▶ Stored data:
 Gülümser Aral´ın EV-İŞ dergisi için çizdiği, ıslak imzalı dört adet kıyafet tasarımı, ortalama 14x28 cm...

---

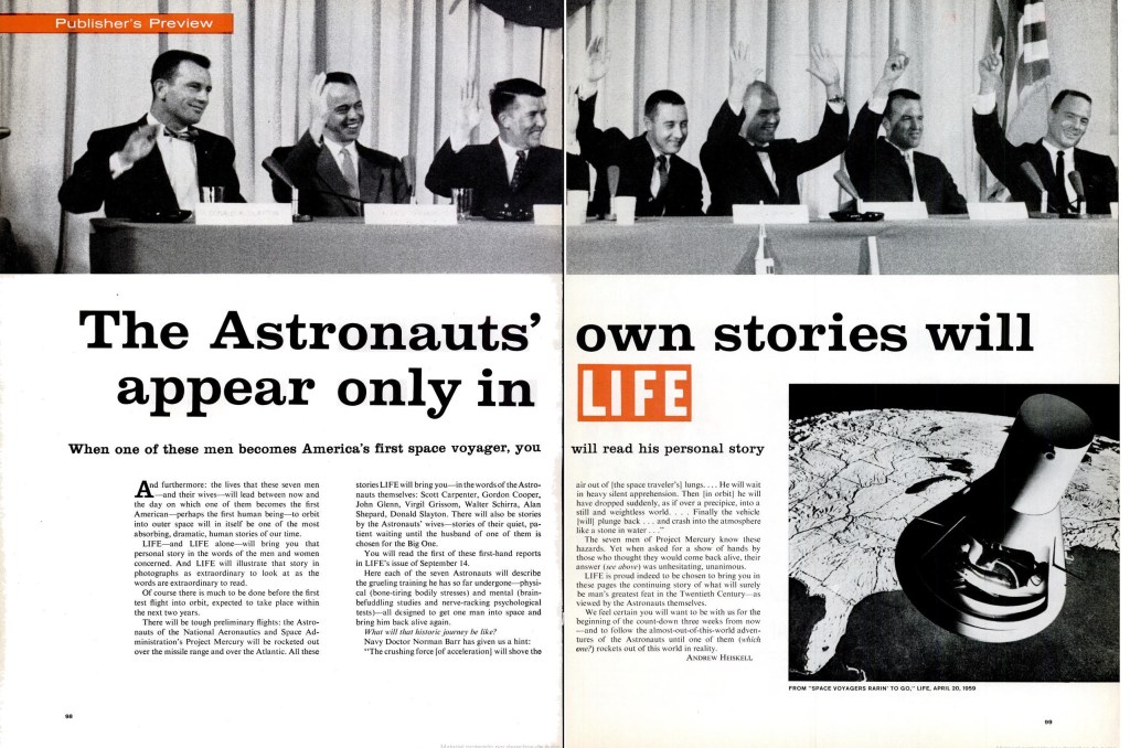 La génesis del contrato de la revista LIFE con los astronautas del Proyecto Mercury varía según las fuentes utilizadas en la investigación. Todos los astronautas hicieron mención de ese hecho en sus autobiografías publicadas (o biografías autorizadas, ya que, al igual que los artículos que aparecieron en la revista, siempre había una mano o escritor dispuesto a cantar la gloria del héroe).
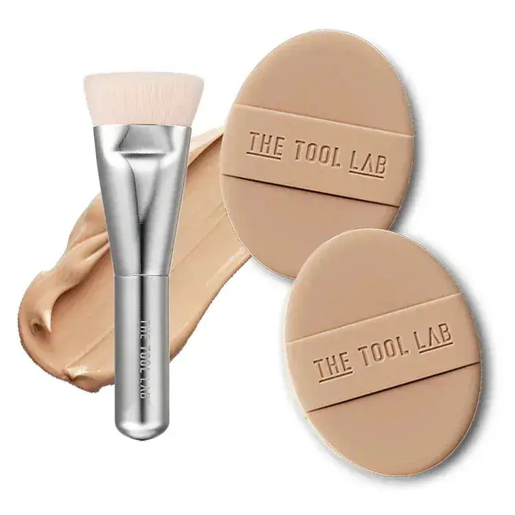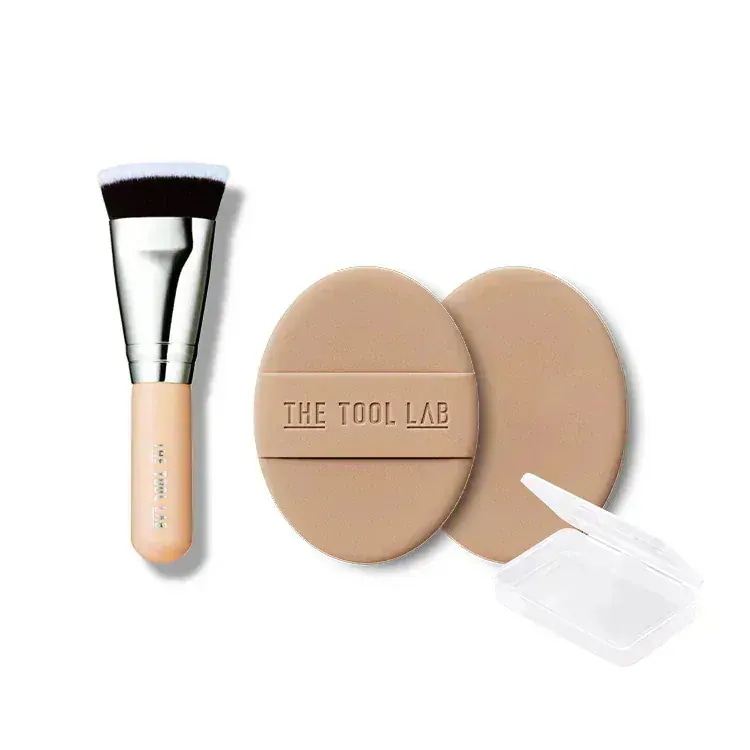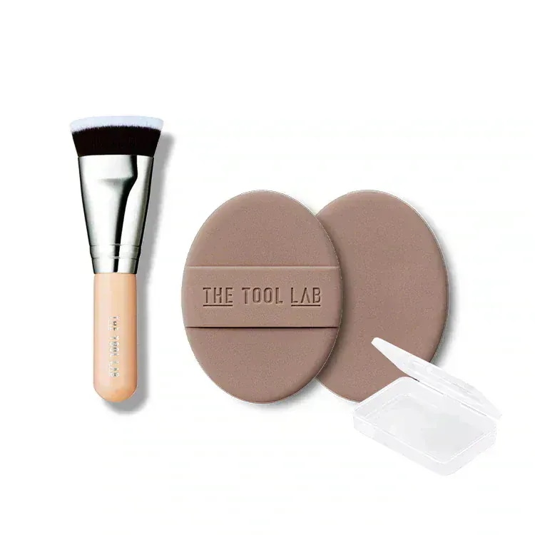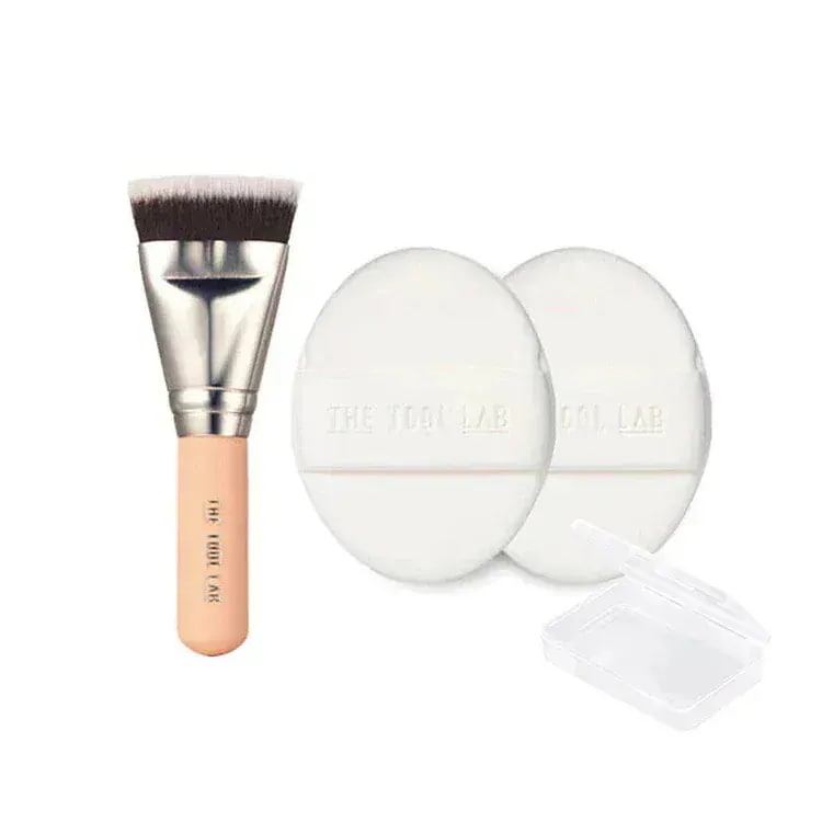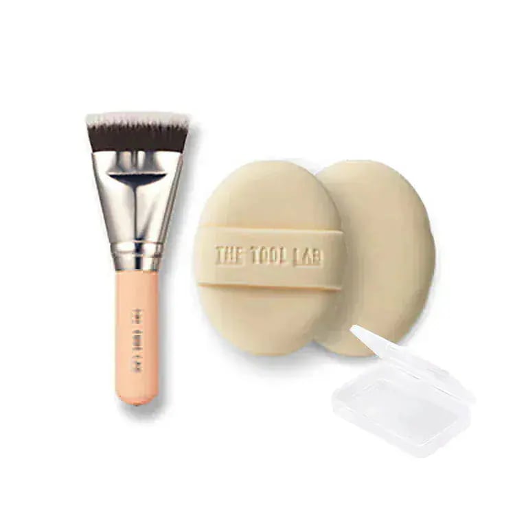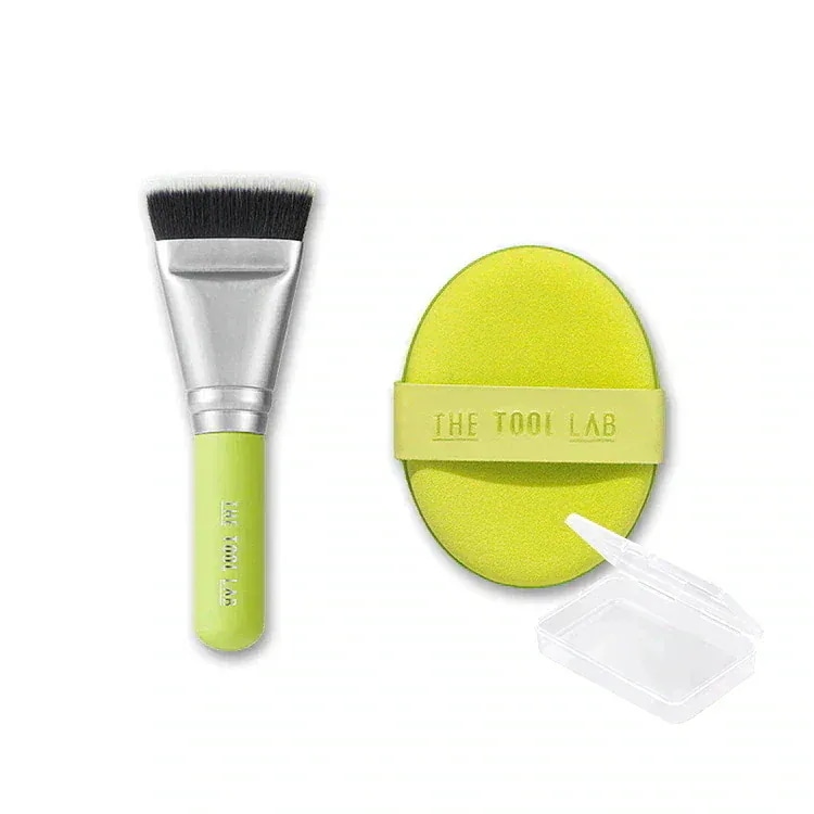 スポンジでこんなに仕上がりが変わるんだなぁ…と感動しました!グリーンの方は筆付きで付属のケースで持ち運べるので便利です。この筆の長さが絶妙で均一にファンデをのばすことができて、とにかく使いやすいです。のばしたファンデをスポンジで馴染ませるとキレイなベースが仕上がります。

---

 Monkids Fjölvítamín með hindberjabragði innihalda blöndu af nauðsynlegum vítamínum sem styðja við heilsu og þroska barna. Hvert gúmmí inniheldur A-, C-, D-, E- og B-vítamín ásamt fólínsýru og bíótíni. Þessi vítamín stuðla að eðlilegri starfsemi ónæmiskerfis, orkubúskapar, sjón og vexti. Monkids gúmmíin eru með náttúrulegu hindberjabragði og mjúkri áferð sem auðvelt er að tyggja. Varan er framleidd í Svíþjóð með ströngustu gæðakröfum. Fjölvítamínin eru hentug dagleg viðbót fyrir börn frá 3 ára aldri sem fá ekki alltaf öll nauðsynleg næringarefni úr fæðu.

▶ Goal of the exercise:
Reproduce, exactly and only, the lines of the records above starting at the line with "La génesis del" and ending at the line with "スポンジでこんなに仕上がりが", both included. Leave every picture out.

▶ Expected answer:
 La génesis del contrato de la revista LIFE con los astronautas del Proyecto Mercury varía según las fuentes utilizadas en la investigación. Todos los astronautas hicieron mención de ese hecho en sus autobiografías publicadas (o biografías autorizadas, ya que, al igual que los artículos que aparecieron en la revista, siempre había una mano o escritor dispuesto a cantar la gloria del héroe).
 スポンジでこんなに仕上がりが変わるんだなぁ…と感動しました!グリーンの方は筆付きで付属のケースで持ち運べるので便利です。この筆の長さが絶妙で均一にファンデをのばすことができて、とにかく使いやすいです。のばしたファンデをスポンジで馴染ませるとキレイなベースが仕上がります。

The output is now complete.